Who wants to climb trees anyway?
Since I have four legs, I do not regard myself as inferior to any other animal in the matter of moving about on the surface of this planet. Indeed, by mathematical deduction of comparative mobility by reference to the number of legs involved, the average cat would seem to be at least twice as nimble as the average man. But when it comes to climbing trees, there are many animals more dexterous than the cat. Apart from monkeys, those absolute professionals, one is bound to concede that men, descended as they are from tree-conditioned apes, sometimes display a truly formidable skill at climbing trees. I hasten to add that, since climbing trees is unnatural, being a direct defiance of the laws of gravity, I cannot consider a failure to shine in such unreasonable activity as in any way shameful. (231)
Although this is a rather amusing bunch of sour grapes, it is nevertheless true that the ability to climb trees isn’t valuable in any absolute sense, as we are often told with regard to fish by someone who almost certainly wasn’t Einstein.
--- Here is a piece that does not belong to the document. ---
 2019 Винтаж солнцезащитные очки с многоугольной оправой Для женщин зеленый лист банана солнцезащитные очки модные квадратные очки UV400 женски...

Accurate description of a bully:
Study of the annals of history discloses that there are two main types of people disposed to indulge in teasing: those of an utterly bored or witless mind and those who need to prove to themselves their superiority to others.
I think the cat is talking about the mean kind of teasing, not the friendly kind.
Correlation vs. Causality
I am reliably advised that Victor Hugo used to think up his finest prose effects while lying on his back in a sailing boat, from which it would follow that if one can board a yacht, lie on one’s back and stare at the blue of sky, one may confidently expect an upflow of stupendous prose. (279)
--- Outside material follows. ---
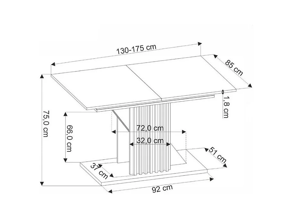 Mesa de comedor extensible de madera y negro 125cm Omen
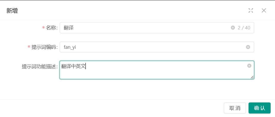 - 名称:为提示词设置一个清晰的功能名称,如"文本翻译"、"智能搜索"、"内容摘要"等

Yes, and if you wear a black turtleneck and jeans every day like Steve Jobs, your tech startup will inevitably encounter as much success as Apple.
Sounds legit…
[S]cholars and writers are usually poor (and therefore ill nourished) and … their work is all in the head (so that what little nourishment reaches their heads is all so rapidly there consumed that only a very small proportion of it survives to nourish the hair roots in their scalps). (280)
Makes about as much sense as Calvin’s dad explaining the sun.
Possession is nine tenths of the law.
[P]ublic officials are the servants of the people and can reasonably be regarded as agents to whom the people have entrusted certain powers to be exercised on the people’s behalf in the running of public affairs. But as these officials grow accustomed to their daily control of affairs, they begin to acquire delusions of grandeur, act as though the authority they exercise was in fact their own and treat the people as though the people had no say in the matter. Since the world is thus demonstrably full of such usurpers, one cannot brand my master as a thief just because of this business with the oblong brazier. However, if you insist that he has a thievish disposition, an evidenced inclination to theft, then the plain fact is that he shares that criminal cant with everyone else in the world. (362)
The phrase has a new, sinister implication now, doesn’t it?
Say vs. Talk
Sneaze says to Waverhouse, master of BS:
“You are always free to say what you like. But generally you don’t say anything. You just talk.” (440)
It’s true of Waverhouse and of many of us, too.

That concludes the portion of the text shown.